▶ _Exercise description_: Transcribe all of the data verbatim, please, and leave out its pictures.

▶ _Given data_:

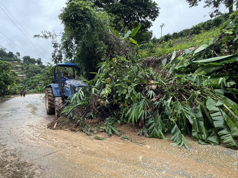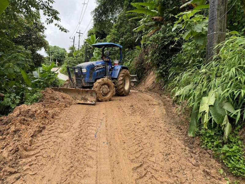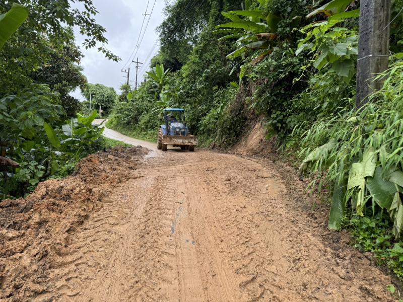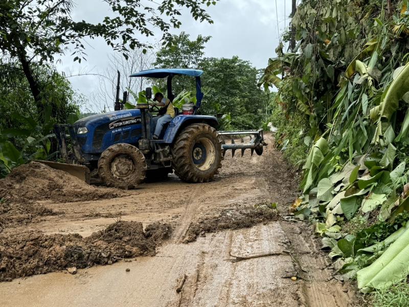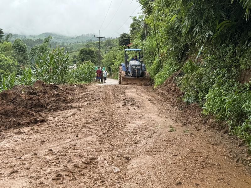 งานป้องกันฯ นำรถไถลงพื้นที่ปรับดินสไลด์ปิดทับถนน บริเวณบ้านห้วยหยวกป่าโซและบ้านเล่าลิ่ว จำนวน 3 จุด
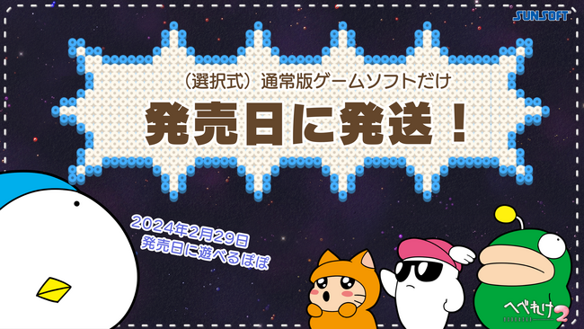 サンソフト(サン電子株式会社)では、「へべれけ2」『32年くらいぶりの復活記念特別版』の発売を決定し、本日12月14日(木)11:00より、サンソフト公式オンラインショップ(URL:https://sunsoft.official.ec/)にて予約開始したことをお知らせいたします。
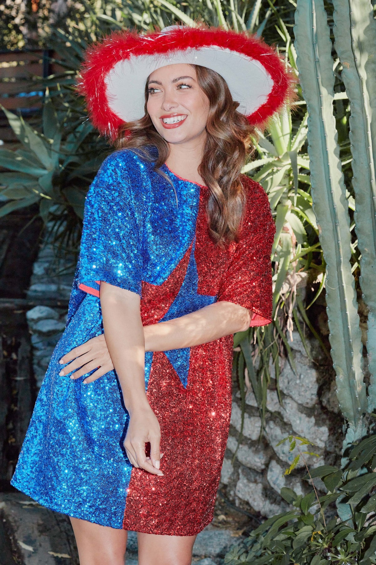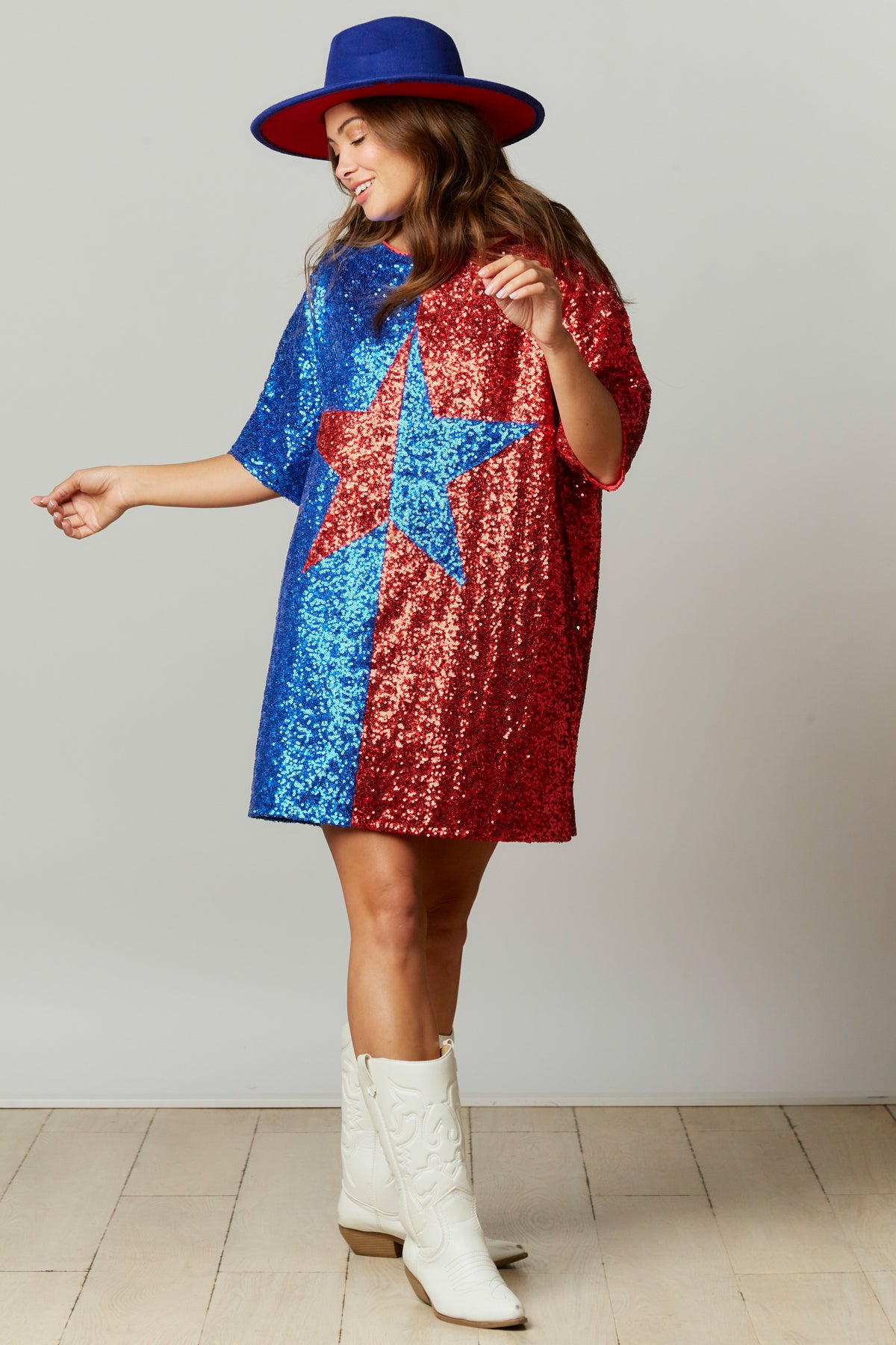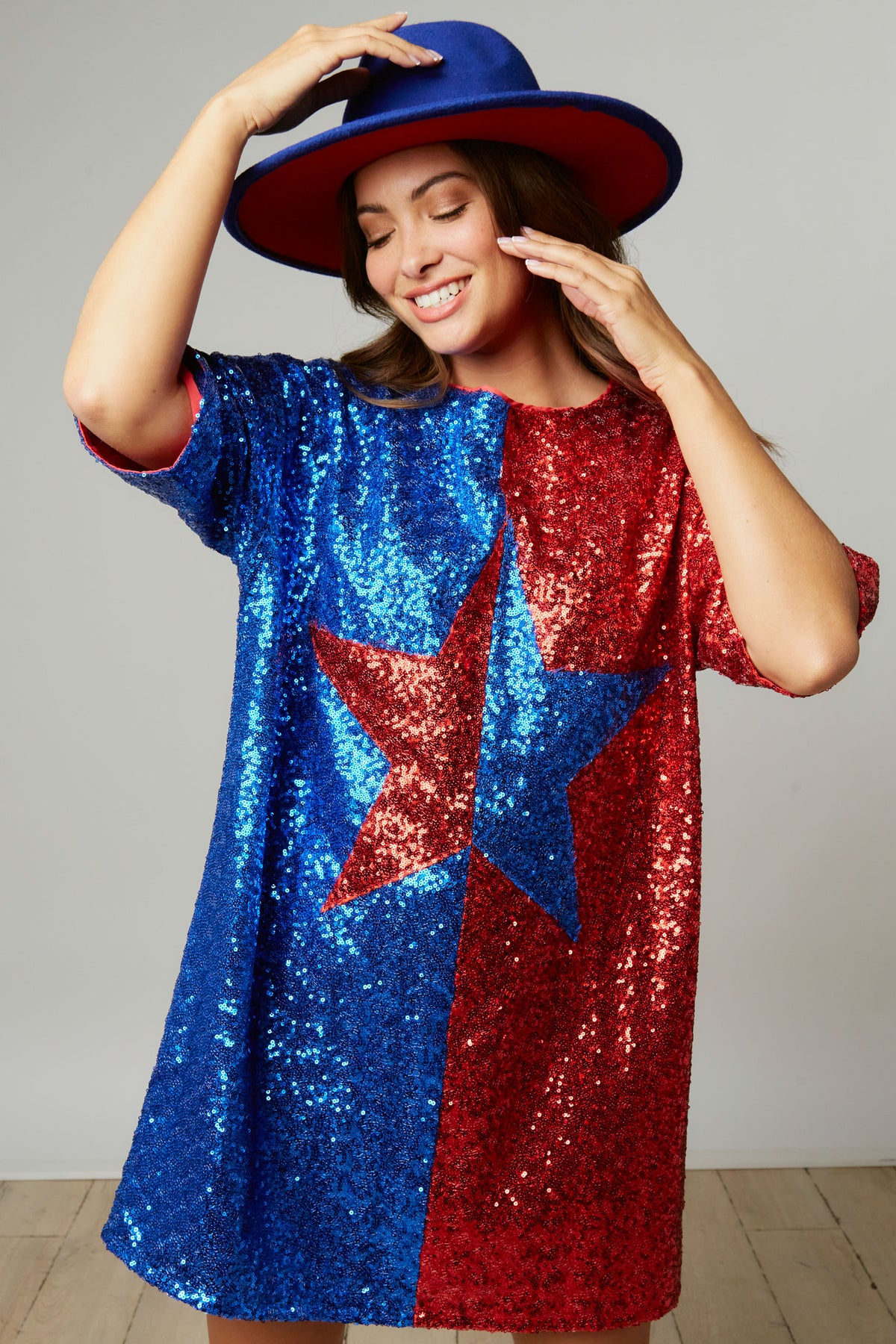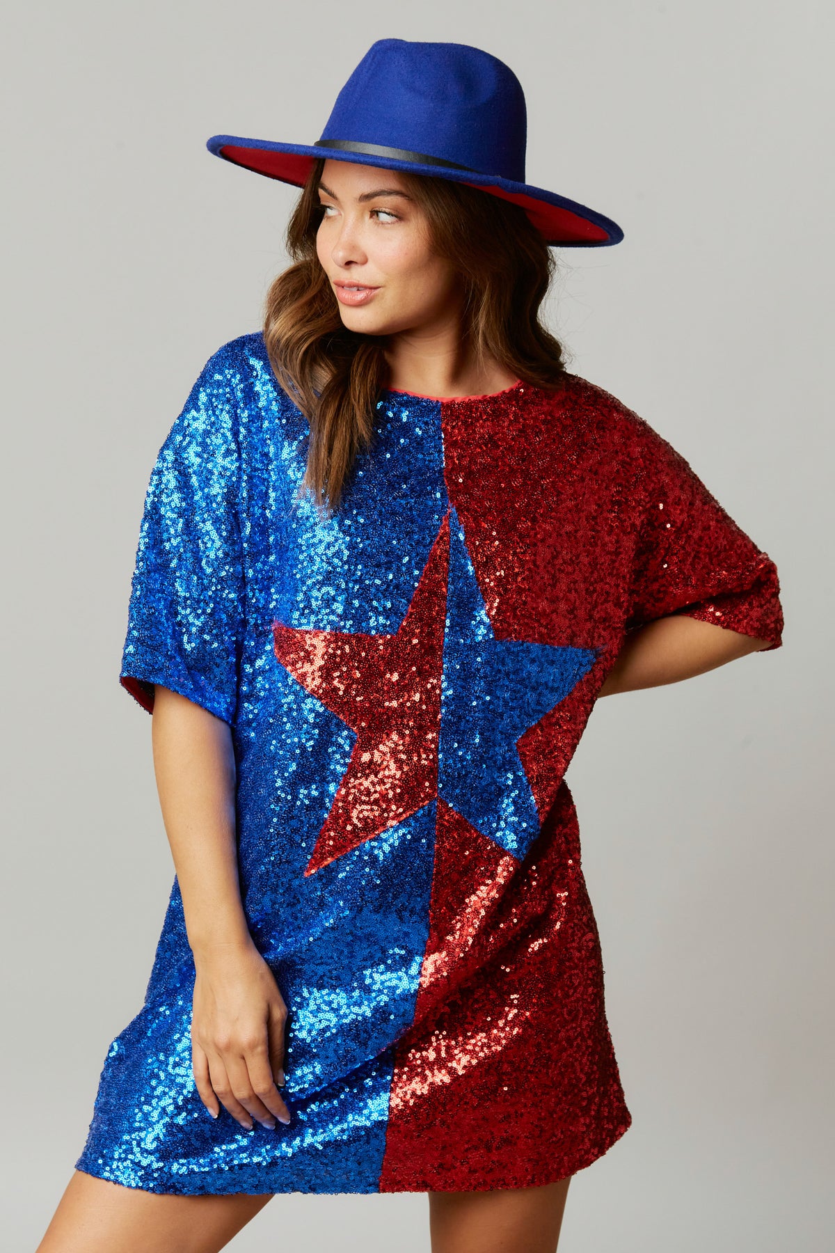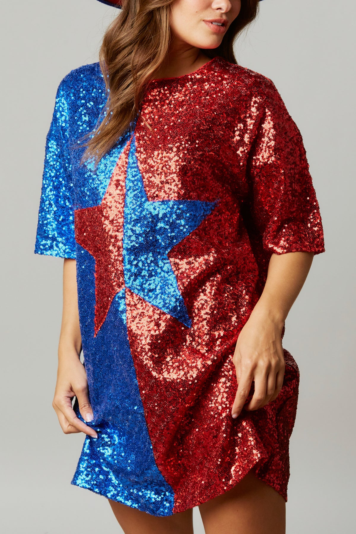 Dazzle and shine bright like a diamond in this star print dress! This dress is perfect for all the holidays and festivities coming up. Wear it for 4th of July, concerts, festivals, b-day celebrations, parties, and more! The roomy fit makes this dress easy to wear and the dress is lined so you can't feel the sequins!Â

▶ _Result for this task_:
 งานป้องกันฯ นำรถไถลงพื้นที่ปรับดินสไลด์ปิดทับถนน บริเวณบ้านห้วยหยวกป่าโซและบ้านเล่าลิ่ว จำนวน 3 จุด
 サンソフト(サン電子株式会社)では、「へべれけ2」『32年くらいぶりの復活記念特別版』の発売を決定し、本日12月14日(木)11:00より、サンソフト公式オンラインショップ(URL:https://sunsoft.official.ec/)にて予約開始したことをお知らせいたします。
 Dazzle and shine bright like a diamond in this star print dress! This dress is perfect for all the holidays and festivities coming up. Wear it for 4th of July, concerts, festivals, b-day celebrations, parties, and more! The roomy fit makes this dress easy to wear and the dress is lined so you can't feel the sequins!Â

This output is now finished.